The peeking problem occurs when you check a test's p-value repeatedly during its runtime and stop the experiment as soon as it crosses the significance threshold. This practice — common in practice, wrong in theory — dramatically inflates your false positive rate.
A fixed-horizon test run to completion at α = 0.05 has a 5% chance of a false positive. A test checked daily and stopped at first significance can have a false positive rate of 25–30% — even though the displayed p-value shows 0.05.
Why Peeking Inflates False Positives
Statistical significance thresholds assume you collect all data, then run one test. Each time you peek and compute a p-value, you're running another test on the same data. Multiple comparisons inflate the chance of seeing an extreme result by chance.
Think of it like flipping a coin 100 times and stopping whenever you see 6 heads in a row — you'll stop far more often than the probability of any single 6-head sequence suggests.
How Often Peeking Happens
The false positive rate scales with how often you peek:
| Peeks at intermediate points | True false positive rate (nominal α = 0.05) |
|---|---|
| 0 (run to completion) | 5% |
| 5 | ~14% |
| 10 | ~19% |
| 20+ | ~25%+ |
Solutions
Sequential testing / always-valid p-values — Methods like mSPRT (mixture Sequential Probability Ratio Test) or e-values are designed to be checked at any time without inflating error rates. Several modern platforms use these by default.

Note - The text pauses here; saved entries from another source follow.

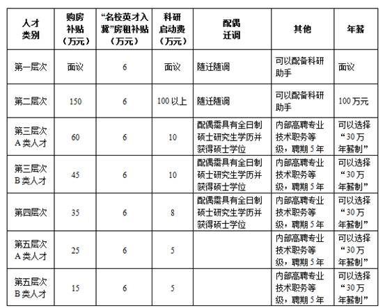 根据具体情况在科研资助经费、配偶迁调、配备学术助手、出国研究、交流等方面,给予特别优惠政策,具体面议。第三层次、第四层次、第五层次引进人员具有正高职称的,本级职称内高一级内聘;具有副高职称的,可以内聘为正高四级;没有职称的,可以内聘为副高七级。
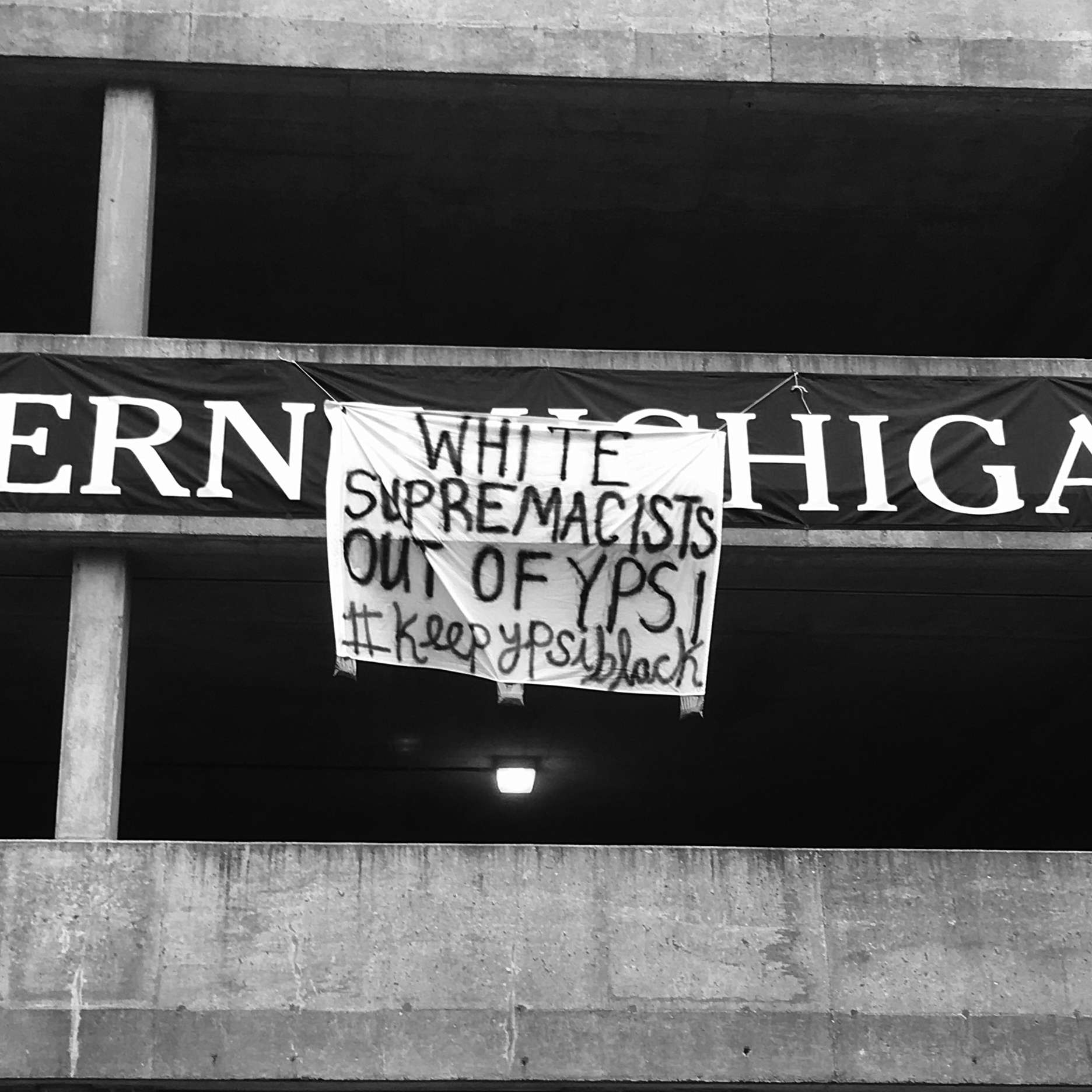 Today a banner was hung at EMU in response to the despicable graffiti found on campus Tuesday morning and as an act of solidarity with black students at EMU and the Black Lives Matter movement. It is not PoC who should be made to feel unsafe in Ypsilanti but the white supremacist, kkk members and sympathizers responsible for the graffiti and their friends who believe their desire to move through a particular intersection at a given time takes (violent) precedence over the collective need to gather in response to a racialized threat. If Eastern Michigan University and the city of Ypsilanti have fostered an environment where anyone feels safe writing racial slurs on walls, then we have failed as a community. Right now one message rings loud and clear: that black lives are less important than white lives, less important than a drive home from work to White Safety. But other voices also ring: voices that say black lives matter, that say #keepypsiblack, and we all need to add our voices, too. If any message should resound in our streets, should drip from the walls of the University, or blow in the breeze by the student center, it is this: that white supremacy has no place in our city and those that seek to uphold it should feel afraid.
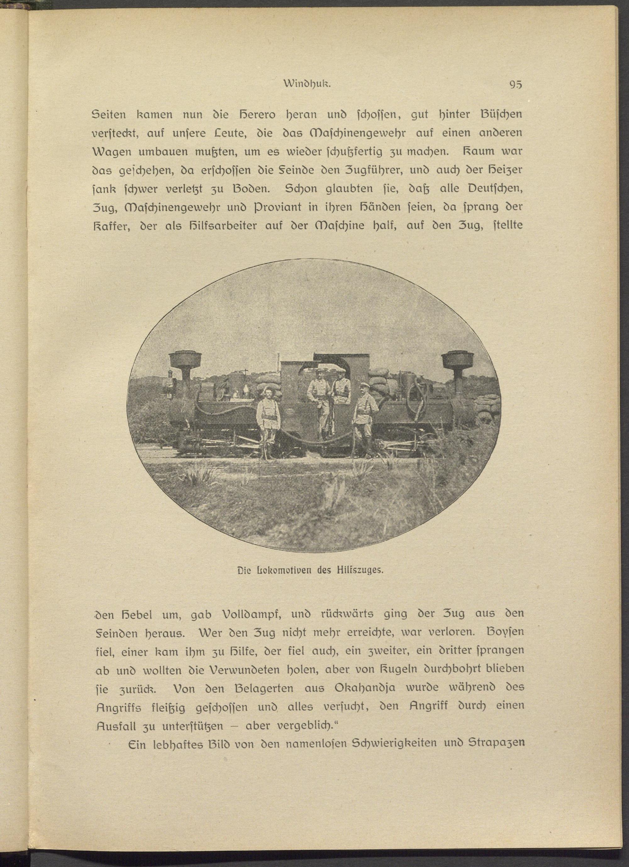 Leiten kamen nun die löerero heran und schassen, gut hinter lZüschen versteckt, aut unsers Leute, die das Maschinengewehr auf einen anderen Wagen umbauen mutzten, um es wieder schutzfertig zu machen, Saum war das geschehen, da erschossen die §einde den Zugführer, und auch der Leizer sank schwer verletzt zu Soden. Schon glaubten sie, datz alle Deutschen, Zug, Maschinengewehr und Proviant in ihren Länden seien, da sprang der Laffer, der als Lilfsarbeiter auf der Maschine half, auf den Zug, stellte
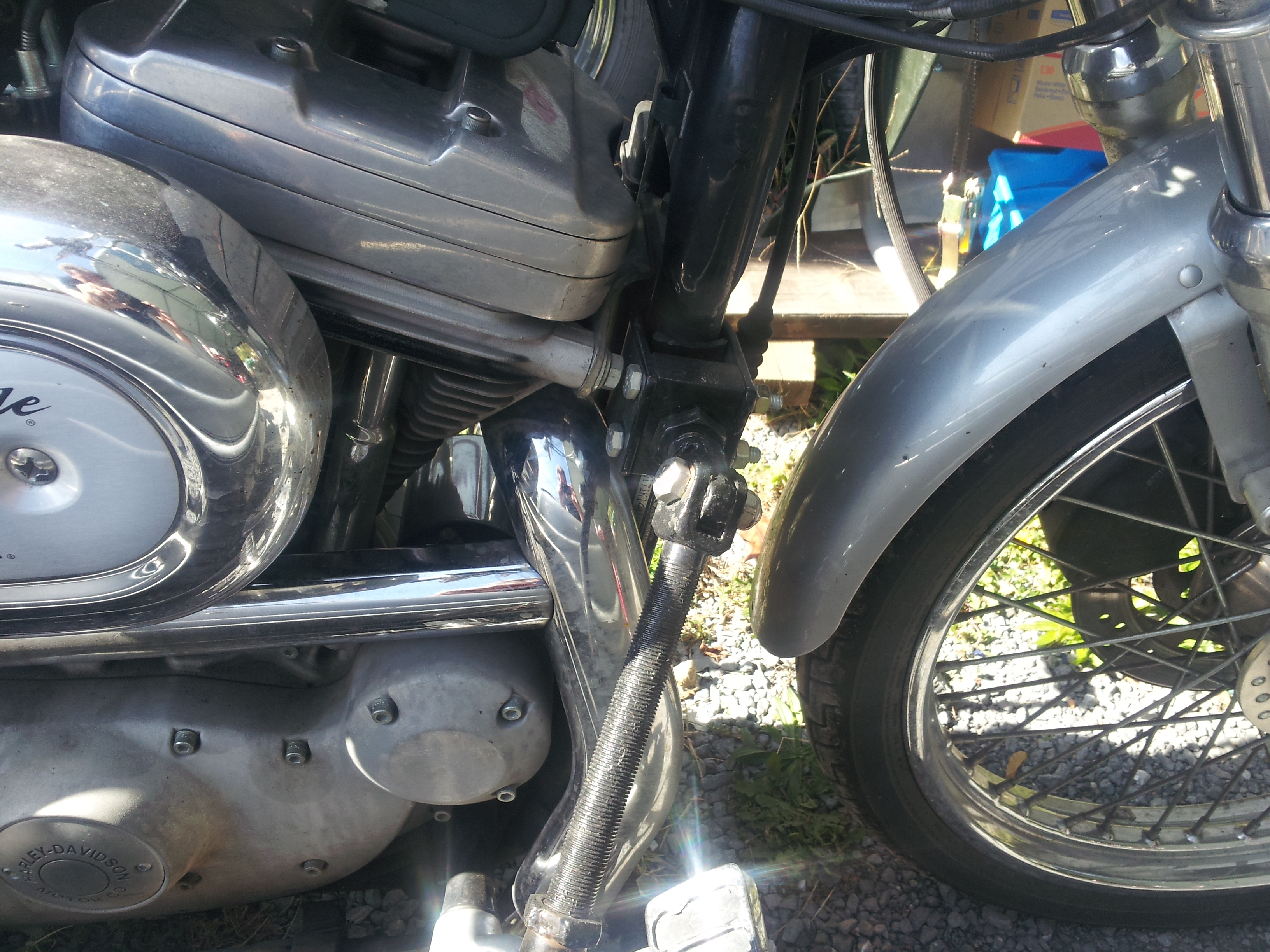 Thanks for the Advice guys . Lonnie i will try to reduce pics and see if I can get that lower mount relocated. Sven so far (knock on wood) I ahve not had any movement. I have be running it since July of '11 and removed the sidecar over the winter and had the frame powder coated and reinstalled . I have a gravel road and driveway, and have been on some bumpy old unmarked roads and no movement yet.In September Aiden and I went on a 7 day 1350 road trip to the Tail of the Dragon in TN / NC and several other really twisty roads. There is always room for improvement though. Thanks guys.

Pre-commitment — Decide your sample size and runtime upfront. Write them down. Don't stop the test until the planned endpoint, regardless of interim results.
Bayesian A/B testing — Bayesian methods produce probabilities (e.g., "85% chance variant beats control") that can be interpreted at any point without the same peeking inflation, though they have their own assumptions.
Alpha spending — Formal interim analysis procedures that "spend" portions of the Type I error budget at each checkpoint, maintaining the overall rate at α.
The easiest fix is also the most discipline-demanding: set your runtime before you start, and don't look at the results until it's done.